Scientific classification
- Kingdom: Animalia
- Phylum: Chordata
- Class: Actinopterygii
- Order: Characiformes
- Family: Acestrorhamphidae
- Subfamily: Megalamphodinae
- Genus: Axelrodia
- Species: A. riesei
- Binomial name: Axelrodia riesei Géry, 1965

= Ruby tetra =

- Authority: Géry, 1965
- Conservation status: LC

Species of fish

The ruby tetra (Axelrodia riesei) is a species of freshwater ray-finned fish belonging to the family Acestrorhamphidae, the American tetras. This fish is found in northern South America.

==Taxonomy==
The ruby tetra was first formally described in 1965 by the French ichthyologist Jacques Géry, with its type locality given as the Upper Río Meta basin, east of Villavicencio in Colombia. Axelrodia was first proposed as a monospecific genus in 1965 by Géry, with its only species being Axelrodia fowleri, and this taxon also being designated as the type species by Géry. The genus Axelrodia is classified within the subfamily Megalamphodinae of the family Acestrorhamphidae, the American tetras, in the suborder Characoidei of the order Characiformes.

==Etymology==
The ruby tetra is classified within the genus Axelrodia, and has the specific name reisei. The genus name honours the aquarist and publisher Herbert R. Axelrod, while the specific name honours William Riese, an exporter of tropical fish; these were the two people who collected the holotype of this species.

==Description==
The ruby tetra is a small fish with a maximum standard length of 2.5 cm. The dominant colour of this species is ruby red, but this fades in captivity. This species can be told apart from A. stigmatias by having 14 or 15 rays in the anal fin, having between 7 and 10 premaxillary teeth and 4 or 5 maxillary teeth, and its standard length being over 3 times the depth of the body.

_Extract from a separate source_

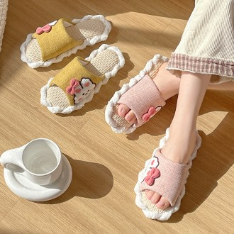 Zapatillas de Casa de Interior de lino con personajes bonitos para mujer, zapatillas de cáñamo de algodón de fondo suave antideslizantes para hombres, elección de parejas

==Distribution and habitat==
The ruby tetra is found in northern South America in the upper Orinoco basin of Colombia and Venezuela. It may also occur in the upper Rio Negro in Brazil, but this requires confirmation. This species prefers small tributaries.

==Utilisation==
The ruby tetra is a popular fish with aquarists and is traded in the aquarium trade.